I am making an internal product of two tens of thousands dimension columns. Values ​​can only be 0, 1, or 2. They can be saved as characters. If for vectorizing calculations on a processor with the avx flag, I expect it to be 32 times faster. But the problem is that multiplication automatically converts characters to integers, which are 4 bytes. Thus, you can get a maximum of 8 times only in speed. Is it possible to achieve speeds of 32 times?

btw, I am using Linux (Fedora 22 today) with g ++ 5.1.

+5
source share
3 answers

Assuming you have AVX2 (and not just AVX, which is intended only for floating point), you can use the vpmaddubsw instruction, for which the internal:

 __m256i _mm256_maddubs_epi16 (__m256i a, __m256i b) 

This does the multiplication of 8 bits x 8 bits (signed x unsigned, but that doesn’t matter for your case) and then adds a pair of adjacent terms to get the result of 16 bits. [1] This effectively gives you 32 x 8 x 8 bit multiplication in one instruction.

If you do not have AVX2, you can use the 128-bit version of SSE ( _mm_maddubs_epi16 ) to get 16 xx 8 x 8 bit bits in one instruction.

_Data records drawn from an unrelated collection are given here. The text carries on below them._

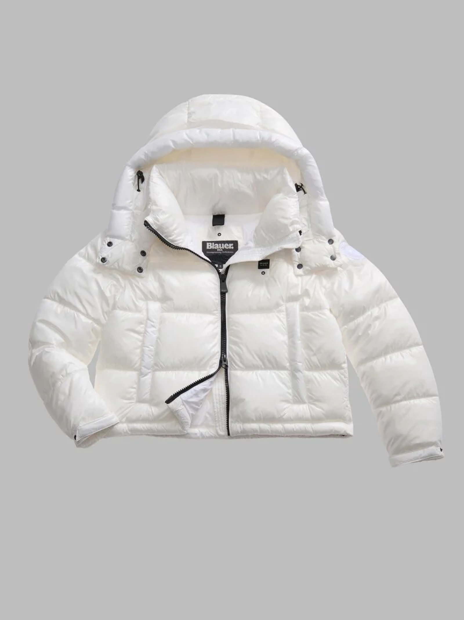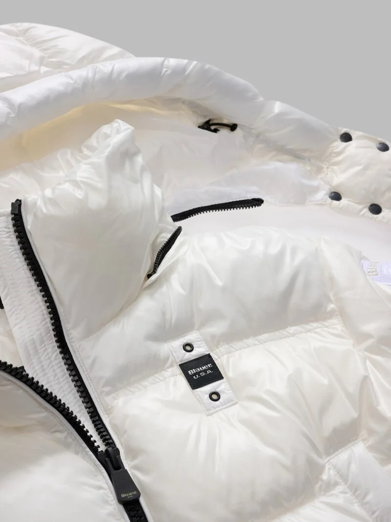 Giubbetto invernale Blauer in nylon micro rip idrorepellente con colletto alto e cappuccio removibile. Imbottito in ovatta sostenibile Sorona® Aura con impuntura a righe orizzontali per calore e comfort. Fodera interna a contrasto, tasche con automatici e fondo regolabile. Dettagli funzionali e logo Blauer completano un capo versatile e moderno, ideale per affrontare linverno con stile ed eleganza.
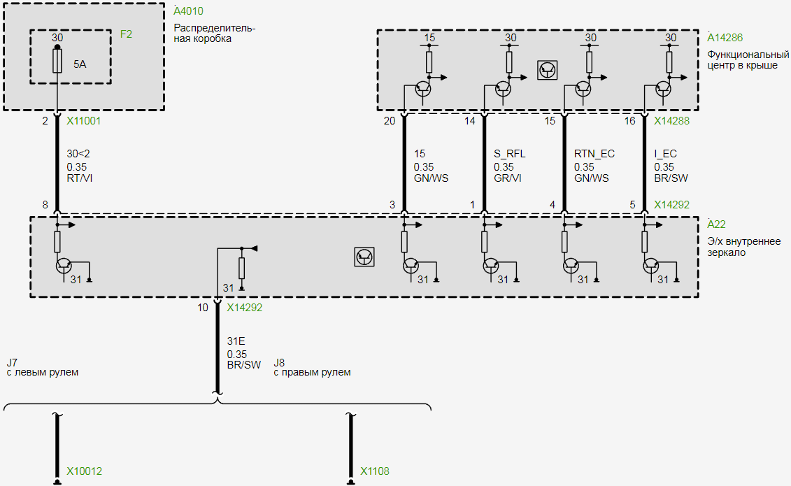 Электросхема внутреннего зеркала заднего вида BMW (1-й_E81/E82/ E87/E88)Электросхема внутреннего зеркала заднего вида BMW (1-й_E81/E82/ E87/E88) Post navigation Электросхема питания функционального центра в крыше (FZD) BMW (1-й_E81/E82/ E87/E88 с 2007_09) Электросхема диагностического разъема OBDII BMW e87 (до 2007_03)
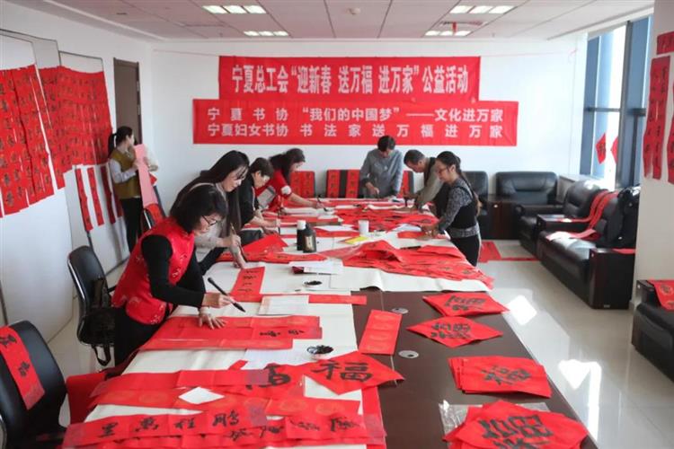 萬(wàn)里晴空風(fēng)和煦,春風(fēng)送暖福臨門。1月14日下午,自治區(qū)總工會(huì)機(jī)關(guān)舉辦首場(chǎng)“迎新春 送萬(wàn)福 進(jìn)萬(wàn)家”公益活動(dòng),有幸邀請(qǐng)到寧夏婦女書法家協(xié)會(huì)主席喬華以及趙萍、趙彥、蘇詠梅、何軍菁等6名書法家現(xiàn)場(chǎng)創(chuàng)作對(duì)聯(lián)等書法作品500份。一個(gè)個(gè)厚實(shí)飽滿的“?!弊?、一副副氣韻生動(dòng)的春聯(lián),寄托著對(duì)新的一年美好的期盼和祝福,讓大家在感受喜慶的同時(shí)還體會(huì)到了中國(guó)書法的傳統(tǒng)文化魅力,濃濃的新年氣息撲面而來(lái)。

Note that horizontal summation of 16-bit terms can take several instructions, but since your input range is quite small, you only need to perform this horizontal summation relatively infrequently. One possible method (for SSE):

 v = _mm_madd_epi16(v, _mm_set1_epi16(1)); // unpack/sum 16 -> 32 v = _mm_add_epi32(v, _mm_srli_si128(v, 8)); // shift and add 32 bit terms v = _mm_add_epi32(v, _mm_srli_si128(v, 4)); sum = _mm_cvtsi128_si32(v); // extract sum as scalar 

The implementation of AVX2 above is given as an exercise for the reader.

+12
source

It seems that the AVX instruction set does not have 8-bit multiplication, just an addition. The Intel Internal Interfaces Guide does not contain any 8-bit operations starting with _mm_mul* . ( edit : there is actually an 8-bit multiplication, but it has a misleading name - see @PaulR answer)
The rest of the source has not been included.